“The customer is not a moron, she is your wife.” This less famous quote by David Ogilvy is about 70 years old, but has lost none of its relevance.
In fact, it is directly in line with Apple’s Tim Cook’s appeal at CPCD on January 29. Coverage of it has been very one-sided, focusing on Cook’s alleged criticism of Facebook. However, Cook gave a tour d’horizon of using technology for good, and the resulting corporate responsibility and positioning of Apple.
David Ogilvy couldn’t have known any of this 70 years ago, but he urged even then to take consumers seriously, to respect them as people who are intelligent enough to see through over-the-top advertising and who had better not be bored to death. “You cannot bore people into buying” in 2021 also means that you don’t buy the data of umpteen marketers together, in order to then track a consumer via targeting across the most diverse applications. In the 20s of this century, as in the 50s of the past, you need content: advertising that fascinates, that interests, that can generate resonance on its own.
But we no longer live in the time of Ogilvy or Bernbach. We live in the time of technology and data. If Ogilvy understood creativity as a measure of courtesy to consumers, modern marketers must face the challenge of how the demand for this courtesy plays out in their own strategy on data and technology. Or within Tim Cook’s logic, how to live up to one’s social responsibility as an advertising company—and thus as a service provider in this field.
Not everything should go through the cycle of it emerging, being misused and consequently banned before we look at it critically and allow it to be possible with the right effect. The events surrounding elections in once democratic fortresses, or the division of societies through the spread of fake news should concern everyone who uses these media or uses them commercially for themselves.
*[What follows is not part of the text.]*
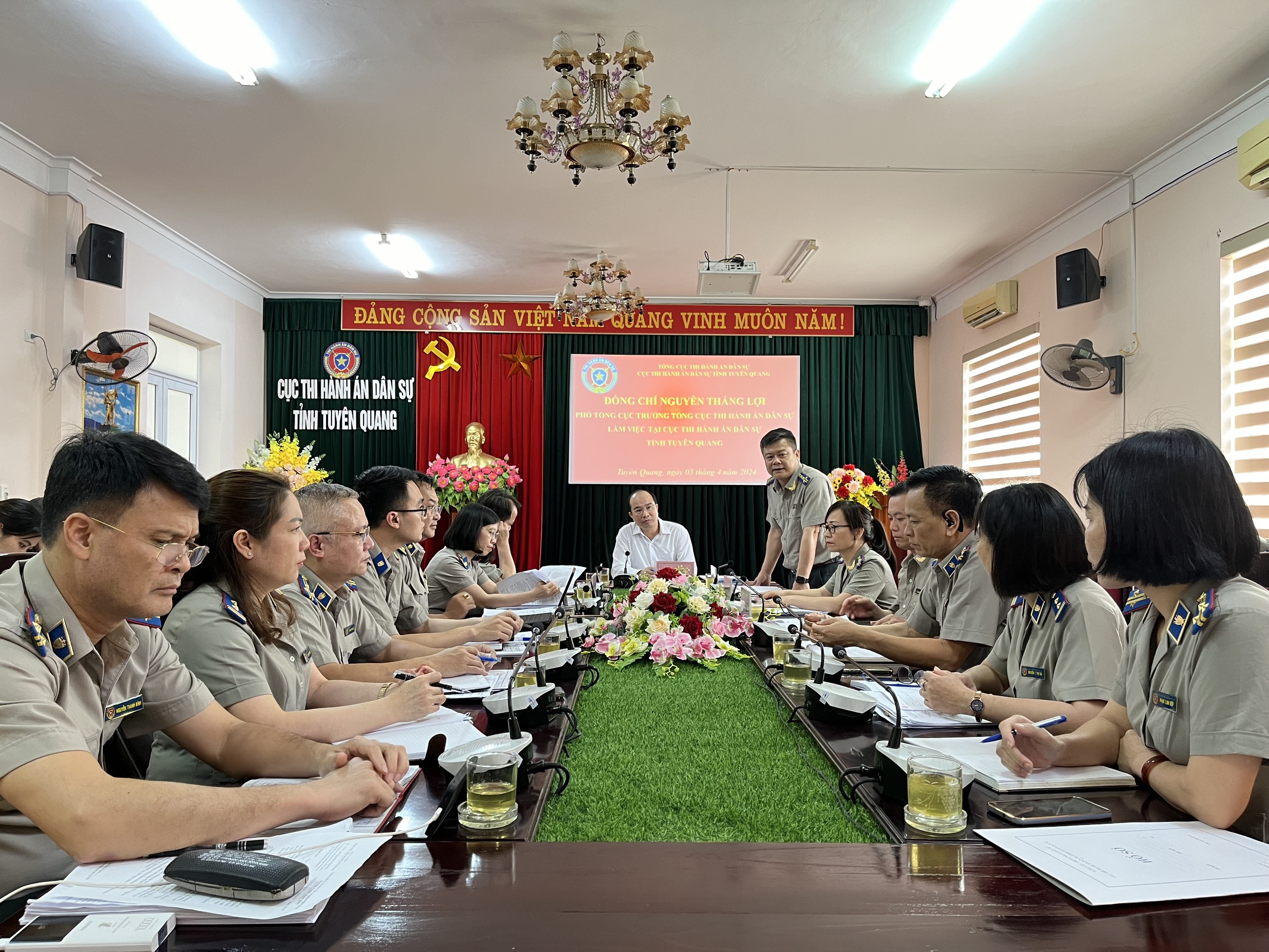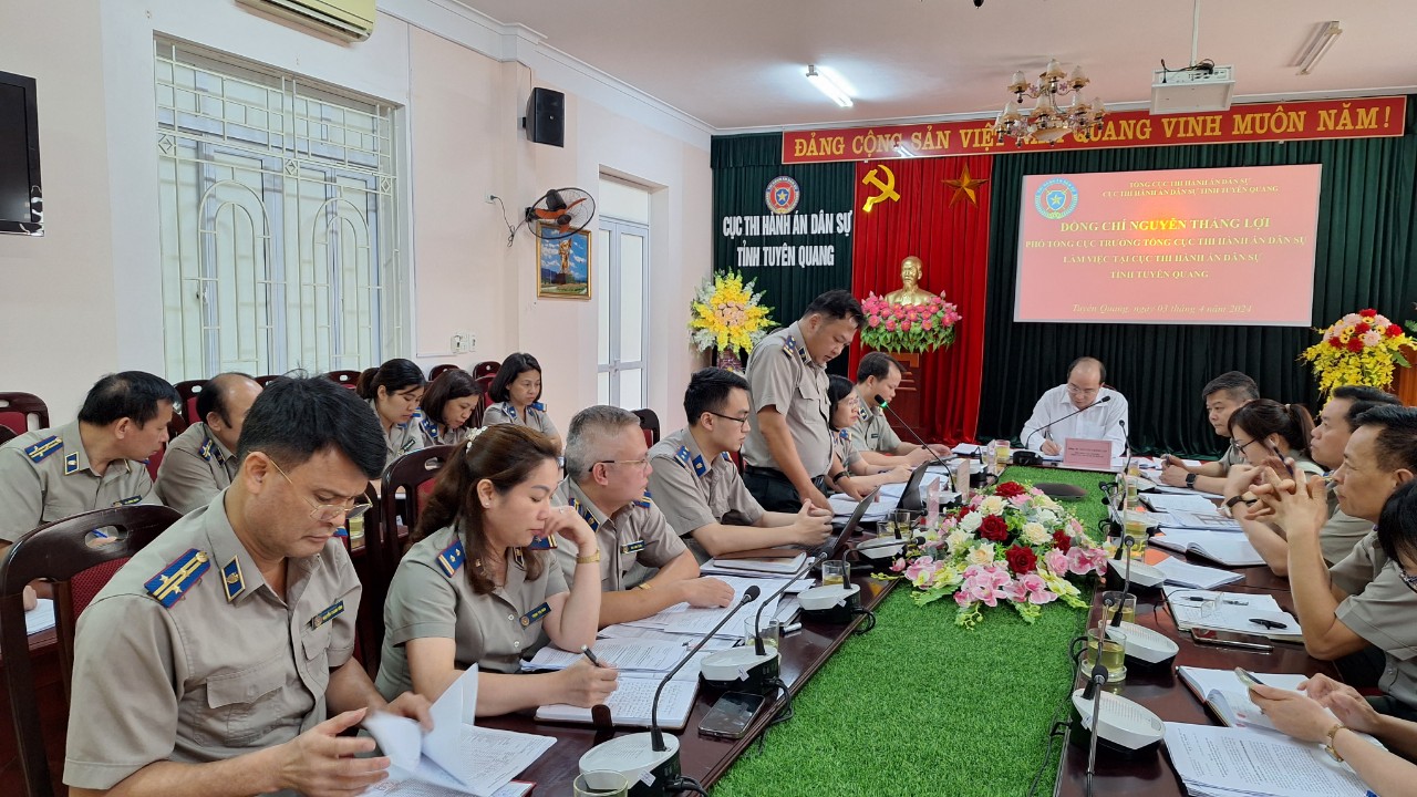 Ngày 03/4/2024, tại trụ sở Cục Thi hành án dân sự (THADS) tỉnh Tuyên Quang, đồng chí Nguyễn Thắng Lợi, Phó Tổng Cục trưởng đã có buổi làm việc về tình hình thực hiện chỉ tiêu, nhiệm vụ công tác THADS, THAHC 05 tháng đầu năm và kết quả thực hiện Công văn số 693-CV/BCSĐ ngày 11/01/2024 của Ban cán sự đảng Bộ Tư pháp về việc lãnh đạo, chỉ đạo nâng cao hiệu quả công tác THADS tại tỉnh Tuyên Quang. Tham dự buổi làm việc có lãnh đạo Vụ Giải quyết khiếu nại tố cáo, Vụ Nghiệp vụ 1, Vụ Nghiệp vụ 3 – Tổng cục THADS, tập thể lãnh đạo Cục THADS tỉnh Tuyên Quang, lãnh đạo các Phòng chuyên môn và tương đương thuộc Cục và Lãnh đạo các Chi cục THADS trực thuộc.

This is not solved with a one-time boycott as an advertising partner of Facebook, as effective as the #StopHateForProfit initiative was.
Not everything should go through the cycle of emerging, being misused and banned before we look at it critically.
But even then, criticism was mixed in with the applause, and questions were raised about financial or moral motives, about one-time restrictions or permanent consequences.
There was little discussion, however, about whether it was enough to point the finger at the social media giants or whether the company should reassess its own handling of customer data. In Germany in particular, the discussion about customer data usually only takes place in connection with legal initiatives, i.e. the DSVGO. What is allowed and what is not seems to be more important than what is right and what is not. The sudden abandonment of cookies is understood as an obstacle in the same way as the advent of adblockers five years ago.
However, in 2020, the year of COVID, two other major developments are significant that put the issue in a different light. One is the debate around purpose for brands. More and more marketing decision-makers believe their brand needs to communicate what role it wants to play in society, what it should stand for. One can argue whether candy bars need a socially relevant role or whether such a question should be decided in marketing and addressed in communication. But one can hardly argue whether brands that claim such a strategy for themselves also need to provide answers about their responsibility in handling and using data. This topic is causally located in marketing and is a direct question of communication.
Most marketers have a purpose strategy in place rather than a data strategy.
The second major issue in 2020/21 is that of direct customer access. D2C (direct to consumer) was one of the big winners at a time when many brands felt that the absence of a strategy in ecommerce; the dependence on a few platforms can make business very cumbersome, to put it nicely. The investment of a billion on the part of Dr. Oetker was not about a few leased delivery trucks, but about owning the last mile, bringing access to customers and the use of data for assortment and sales planning.
And while this deal was one of the big headlines in Germany during COVID, it’s important to note that most marketers have a purpose strategy in place rather than a data strategy. The Marketing Tech Monitor 2020 suggests that this strategy isn’t even in the drawer—no, it’s mostly not even in the planning stages.
It is becoming increasingly difficult to engage with customers because their media behavior has changed so massively. And even if many still carelessly release all cookies with every single website visit, marketing that continues to rely solely on the data policy of third parties will be too expensive in the long run. An idea about direct access to customers, about a first-party data strategy and on which technology this should be mapped, is becoming more and more essential. Technology for the benefit of people, as Tim Cook put it. And how do companies position themselves in this regard, what is their responsibility, who wants to be “a good corporate citizen in a tech world?” Marketing has to answer these questions, because the customer becomes pickier, but never becomes stupid. As David Ogilvy described it 70 years ago.